◆ **YOUR OBJECTIVE**
The answer is the exact run of lines in the listing below from the line containing "가족놀이터에서의 먹튀 피해시 킹콩티비에서 100% 보상 해드립니다." up to and including the line containing "SUPERJARE 47 inch", with pictures removed.

--- DATASET RECORDS ---

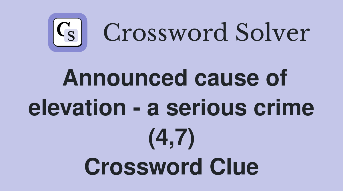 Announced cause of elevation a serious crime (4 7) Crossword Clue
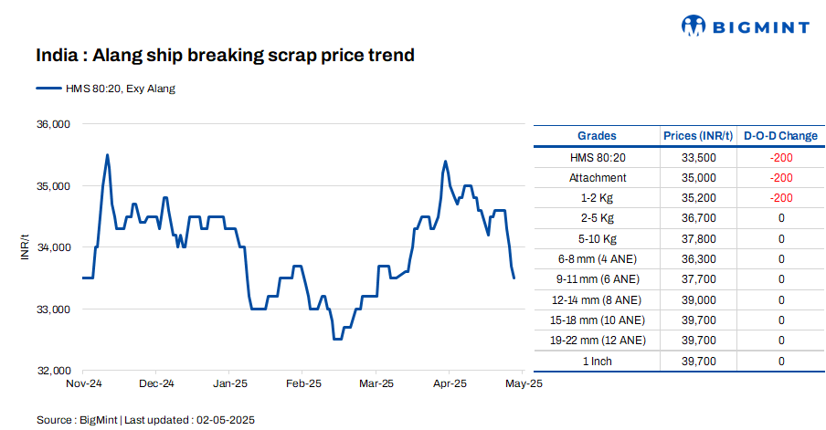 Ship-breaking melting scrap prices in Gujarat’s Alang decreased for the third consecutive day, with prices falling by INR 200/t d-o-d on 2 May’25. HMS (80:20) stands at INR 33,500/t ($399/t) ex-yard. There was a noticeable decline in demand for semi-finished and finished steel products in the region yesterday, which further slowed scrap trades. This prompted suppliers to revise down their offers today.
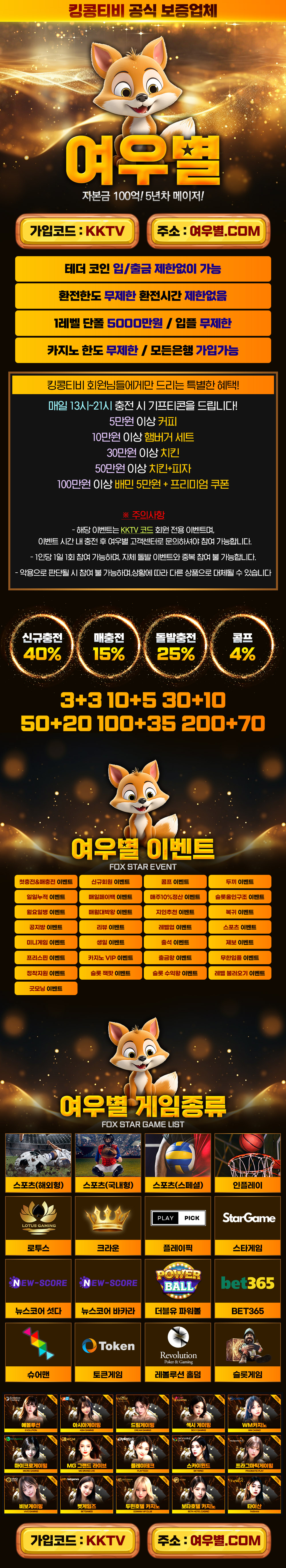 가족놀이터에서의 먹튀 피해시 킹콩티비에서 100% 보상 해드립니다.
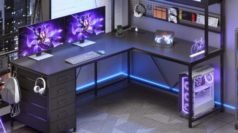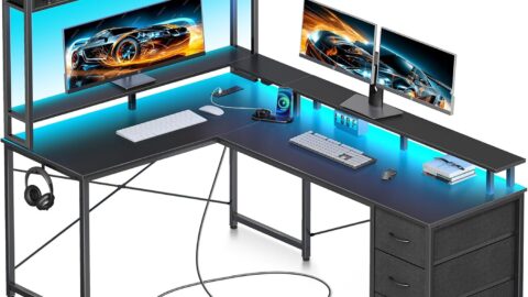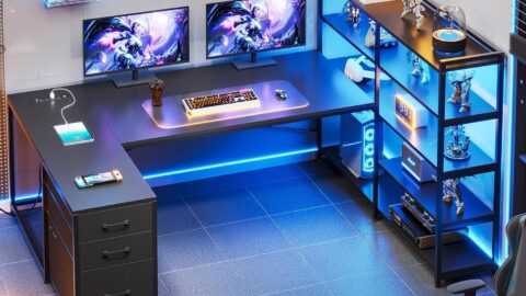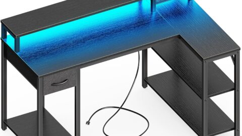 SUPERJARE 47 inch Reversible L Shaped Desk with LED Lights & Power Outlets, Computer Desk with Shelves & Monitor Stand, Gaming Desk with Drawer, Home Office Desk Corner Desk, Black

---
--- DATASET RECORDS ---

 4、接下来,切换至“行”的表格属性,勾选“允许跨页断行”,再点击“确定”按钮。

---

◆ **ANSWER SECTION**
 가족놀이터에서의 먹튀 피해시 킹콩티비에서 100% 보상 해드립니다.
 SUPERJARE 47 inch Reversible L Shaped Desk with LED Lights & Power Outlets, Computer Desk with Shelves & Monitor Stand, Gaming Desk with Drawer, Home Office Desk Corner Desk, Black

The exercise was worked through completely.